WORK INSTRUCTION: Your task is to count the lines of the entries below that include the word "Здесь" and to give only the resulting number.

Records from a data collection:
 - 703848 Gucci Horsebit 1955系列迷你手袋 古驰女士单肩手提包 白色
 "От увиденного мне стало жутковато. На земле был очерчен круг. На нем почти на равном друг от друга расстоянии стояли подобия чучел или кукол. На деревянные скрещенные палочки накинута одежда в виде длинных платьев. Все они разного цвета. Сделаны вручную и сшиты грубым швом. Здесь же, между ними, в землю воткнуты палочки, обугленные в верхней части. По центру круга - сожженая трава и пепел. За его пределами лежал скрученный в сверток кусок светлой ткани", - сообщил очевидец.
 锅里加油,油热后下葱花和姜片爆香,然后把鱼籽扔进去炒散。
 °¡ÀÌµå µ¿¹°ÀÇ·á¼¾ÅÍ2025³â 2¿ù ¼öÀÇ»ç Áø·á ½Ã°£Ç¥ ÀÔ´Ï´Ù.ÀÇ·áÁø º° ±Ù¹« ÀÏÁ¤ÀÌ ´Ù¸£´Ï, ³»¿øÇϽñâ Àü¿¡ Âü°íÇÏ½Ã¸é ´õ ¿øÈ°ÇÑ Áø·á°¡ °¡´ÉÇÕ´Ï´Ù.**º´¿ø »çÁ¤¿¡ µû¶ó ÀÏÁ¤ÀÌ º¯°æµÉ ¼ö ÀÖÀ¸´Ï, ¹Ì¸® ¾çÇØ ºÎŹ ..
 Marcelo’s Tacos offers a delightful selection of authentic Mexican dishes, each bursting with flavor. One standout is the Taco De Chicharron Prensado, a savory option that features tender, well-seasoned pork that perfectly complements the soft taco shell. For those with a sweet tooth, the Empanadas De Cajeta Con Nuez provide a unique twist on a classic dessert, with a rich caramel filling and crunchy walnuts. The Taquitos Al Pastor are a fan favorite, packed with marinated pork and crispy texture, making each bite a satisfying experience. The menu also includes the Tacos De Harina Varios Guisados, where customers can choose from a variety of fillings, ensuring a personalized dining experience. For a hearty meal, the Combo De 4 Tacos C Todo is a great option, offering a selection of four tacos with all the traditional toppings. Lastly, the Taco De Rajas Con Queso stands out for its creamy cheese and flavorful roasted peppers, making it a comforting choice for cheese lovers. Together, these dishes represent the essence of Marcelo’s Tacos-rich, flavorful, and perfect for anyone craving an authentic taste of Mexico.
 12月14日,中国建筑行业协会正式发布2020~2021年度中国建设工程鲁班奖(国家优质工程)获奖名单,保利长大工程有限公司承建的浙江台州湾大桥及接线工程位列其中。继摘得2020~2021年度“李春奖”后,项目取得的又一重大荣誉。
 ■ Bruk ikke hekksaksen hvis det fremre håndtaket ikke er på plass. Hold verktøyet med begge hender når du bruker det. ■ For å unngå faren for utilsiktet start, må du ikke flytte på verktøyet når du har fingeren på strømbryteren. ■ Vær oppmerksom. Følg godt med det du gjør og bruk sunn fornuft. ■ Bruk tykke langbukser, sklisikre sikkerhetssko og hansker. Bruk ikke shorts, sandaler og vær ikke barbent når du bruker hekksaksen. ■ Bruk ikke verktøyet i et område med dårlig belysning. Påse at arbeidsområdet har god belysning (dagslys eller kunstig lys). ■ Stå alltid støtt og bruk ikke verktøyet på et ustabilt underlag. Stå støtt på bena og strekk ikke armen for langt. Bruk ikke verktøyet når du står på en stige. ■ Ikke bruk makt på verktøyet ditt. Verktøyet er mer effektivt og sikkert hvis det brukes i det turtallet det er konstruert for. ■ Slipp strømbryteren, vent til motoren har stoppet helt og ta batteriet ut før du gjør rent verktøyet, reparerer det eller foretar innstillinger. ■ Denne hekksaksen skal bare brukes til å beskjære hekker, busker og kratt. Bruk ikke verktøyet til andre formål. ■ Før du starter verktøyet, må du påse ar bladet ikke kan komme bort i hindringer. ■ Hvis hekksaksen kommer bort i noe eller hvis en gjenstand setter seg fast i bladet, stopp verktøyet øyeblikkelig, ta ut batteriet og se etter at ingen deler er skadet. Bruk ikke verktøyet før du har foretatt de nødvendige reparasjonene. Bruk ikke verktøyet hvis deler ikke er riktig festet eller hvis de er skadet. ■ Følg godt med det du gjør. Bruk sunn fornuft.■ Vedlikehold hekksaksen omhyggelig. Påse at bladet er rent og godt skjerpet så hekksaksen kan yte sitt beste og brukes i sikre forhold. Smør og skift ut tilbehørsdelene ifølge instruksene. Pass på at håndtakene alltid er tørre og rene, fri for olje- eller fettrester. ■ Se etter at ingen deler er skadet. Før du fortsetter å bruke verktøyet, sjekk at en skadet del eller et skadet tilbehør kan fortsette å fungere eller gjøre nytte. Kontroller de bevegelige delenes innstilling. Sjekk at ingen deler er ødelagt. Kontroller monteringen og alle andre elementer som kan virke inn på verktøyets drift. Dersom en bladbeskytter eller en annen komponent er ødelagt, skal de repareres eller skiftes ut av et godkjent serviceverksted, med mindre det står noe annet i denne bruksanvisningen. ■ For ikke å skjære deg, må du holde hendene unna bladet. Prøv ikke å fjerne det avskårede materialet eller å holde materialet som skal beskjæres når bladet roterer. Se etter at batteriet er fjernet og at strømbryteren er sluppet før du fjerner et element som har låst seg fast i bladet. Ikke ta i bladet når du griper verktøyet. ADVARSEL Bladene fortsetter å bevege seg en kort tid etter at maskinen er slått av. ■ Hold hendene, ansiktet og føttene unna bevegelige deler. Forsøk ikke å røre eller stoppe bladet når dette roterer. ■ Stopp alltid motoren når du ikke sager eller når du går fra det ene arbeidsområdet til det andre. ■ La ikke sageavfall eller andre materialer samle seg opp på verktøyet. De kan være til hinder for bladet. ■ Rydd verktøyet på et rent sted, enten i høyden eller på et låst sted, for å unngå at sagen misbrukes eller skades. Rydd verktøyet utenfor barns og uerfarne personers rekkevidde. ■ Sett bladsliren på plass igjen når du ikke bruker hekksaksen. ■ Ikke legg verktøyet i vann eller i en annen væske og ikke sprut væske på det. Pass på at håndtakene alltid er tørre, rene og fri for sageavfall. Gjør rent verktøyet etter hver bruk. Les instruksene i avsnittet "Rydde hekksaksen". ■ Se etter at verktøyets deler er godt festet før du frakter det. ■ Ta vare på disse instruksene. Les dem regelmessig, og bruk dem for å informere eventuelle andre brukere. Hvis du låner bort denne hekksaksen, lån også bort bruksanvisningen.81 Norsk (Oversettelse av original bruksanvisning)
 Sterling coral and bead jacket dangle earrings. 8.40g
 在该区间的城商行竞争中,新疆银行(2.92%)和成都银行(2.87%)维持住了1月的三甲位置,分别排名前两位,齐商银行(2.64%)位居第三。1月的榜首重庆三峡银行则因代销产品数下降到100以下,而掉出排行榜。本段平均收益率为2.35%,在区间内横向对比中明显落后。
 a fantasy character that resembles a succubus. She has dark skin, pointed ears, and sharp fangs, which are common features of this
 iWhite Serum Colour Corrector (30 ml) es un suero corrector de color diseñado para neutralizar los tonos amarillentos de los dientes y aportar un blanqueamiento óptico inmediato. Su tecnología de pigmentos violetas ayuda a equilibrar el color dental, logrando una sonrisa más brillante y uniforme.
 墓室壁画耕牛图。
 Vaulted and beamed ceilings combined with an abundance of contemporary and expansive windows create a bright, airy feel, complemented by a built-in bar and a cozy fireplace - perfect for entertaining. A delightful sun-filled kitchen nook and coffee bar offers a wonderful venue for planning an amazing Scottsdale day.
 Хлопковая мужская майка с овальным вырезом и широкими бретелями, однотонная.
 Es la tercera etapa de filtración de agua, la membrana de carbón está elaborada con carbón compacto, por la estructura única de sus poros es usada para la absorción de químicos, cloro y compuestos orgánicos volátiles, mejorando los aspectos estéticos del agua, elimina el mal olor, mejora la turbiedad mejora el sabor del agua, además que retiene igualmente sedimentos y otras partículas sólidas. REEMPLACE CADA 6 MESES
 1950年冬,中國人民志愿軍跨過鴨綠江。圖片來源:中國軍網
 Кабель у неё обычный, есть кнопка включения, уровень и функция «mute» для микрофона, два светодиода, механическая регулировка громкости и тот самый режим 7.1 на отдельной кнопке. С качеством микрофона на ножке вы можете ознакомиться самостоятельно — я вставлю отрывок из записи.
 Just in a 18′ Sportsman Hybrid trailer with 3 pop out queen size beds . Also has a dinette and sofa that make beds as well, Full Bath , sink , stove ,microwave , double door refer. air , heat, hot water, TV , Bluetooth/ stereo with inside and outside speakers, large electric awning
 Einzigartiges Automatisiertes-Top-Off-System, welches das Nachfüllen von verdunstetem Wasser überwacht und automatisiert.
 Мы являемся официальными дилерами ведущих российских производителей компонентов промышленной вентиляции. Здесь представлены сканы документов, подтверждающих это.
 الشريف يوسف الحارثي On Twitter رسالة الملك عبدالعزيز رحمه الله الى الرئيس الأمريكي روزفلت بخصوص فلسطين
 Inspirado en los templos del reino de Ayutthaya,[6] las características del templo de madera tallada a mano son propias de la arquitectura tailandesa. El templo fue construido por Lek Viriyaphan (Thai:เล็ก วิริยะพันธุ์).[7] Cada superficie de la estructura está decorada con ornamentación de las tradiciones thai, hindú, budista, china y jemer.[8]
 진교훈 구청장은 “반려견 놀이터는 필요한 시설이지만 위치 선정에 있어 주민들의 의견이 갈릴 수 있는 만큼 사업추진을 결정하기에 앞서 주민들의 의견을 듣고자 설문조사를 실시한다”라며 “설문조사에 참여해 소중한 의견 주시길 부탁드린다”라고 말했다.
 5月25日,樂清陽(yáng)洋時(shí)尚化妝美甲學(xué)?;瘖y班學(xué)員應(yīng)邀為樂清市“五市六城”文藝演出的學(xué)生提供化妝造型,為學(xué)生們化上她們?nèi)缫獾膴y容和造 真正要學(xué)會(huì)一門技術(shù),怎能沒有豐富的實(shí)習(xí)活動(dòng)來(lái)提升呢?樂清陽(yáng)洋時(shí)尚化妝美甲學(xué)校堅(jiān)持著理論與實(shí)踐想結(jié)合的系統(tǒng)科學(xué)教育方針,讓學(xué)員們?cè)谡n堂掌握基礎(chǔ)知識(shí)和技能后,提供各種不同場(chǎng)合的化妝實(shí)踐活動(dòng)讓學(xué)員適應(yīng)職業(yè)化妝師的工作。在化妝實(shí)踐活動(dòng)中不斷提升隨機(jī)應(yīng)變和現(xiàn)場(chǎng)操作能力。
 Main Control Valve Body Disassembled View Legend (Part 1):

ANSWER: 2